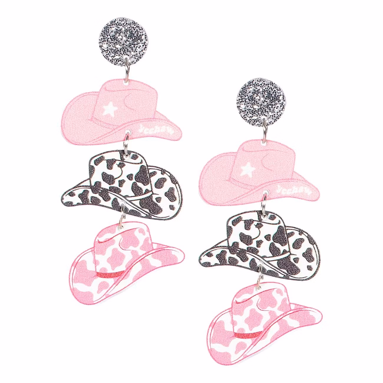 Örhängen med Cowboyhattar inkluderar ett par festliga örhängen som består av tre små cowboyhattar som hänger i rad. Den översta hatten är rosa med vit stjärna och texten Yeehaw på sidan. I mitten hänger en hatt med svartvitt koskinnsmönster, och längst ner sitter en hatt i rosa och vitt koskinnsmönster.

==

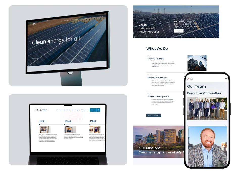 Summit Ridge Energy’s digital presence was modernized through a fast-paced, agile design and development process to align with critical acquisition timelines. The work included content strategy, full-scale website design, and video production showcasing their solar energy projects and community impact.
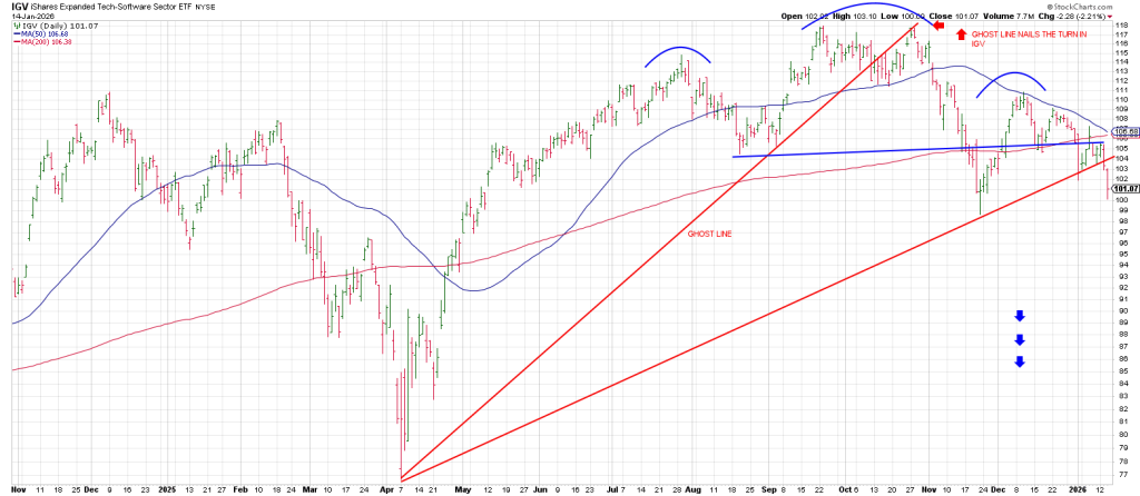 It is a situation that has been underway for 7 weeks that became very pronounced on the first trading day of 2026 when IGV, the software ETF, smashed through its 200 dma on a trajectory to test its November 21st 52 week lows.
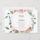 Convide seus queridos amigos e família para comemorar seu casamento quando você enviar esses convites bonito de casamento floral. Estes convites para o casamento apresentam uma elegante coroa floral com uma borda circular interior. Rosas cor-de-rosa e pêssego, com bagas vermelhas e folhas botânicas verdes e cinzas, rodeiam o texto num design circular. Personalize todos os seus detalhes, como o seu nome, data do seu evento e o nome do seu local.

Task statement: Extract, without any images, the part of the material above that opens with the line containing "Summit Ridge Energy’s" and closes with the line containing "It is a situation", both lines included.

Result of the exercise:
 Summit Ridge Energy’s digital presence was modernized through a fast-paced, agile design and development process to align with critical acquisition timelines. The work included content strategy, full-scale website design, and video production showcasing their solar energy projects and community impact.
 It is a situation that has been underway for 7 weeks that became very pronounced on the first trading day of 2026 when IGV, the software ETF, smashed through its 200 dma on a trajectory to test its November 21st 52 week lows.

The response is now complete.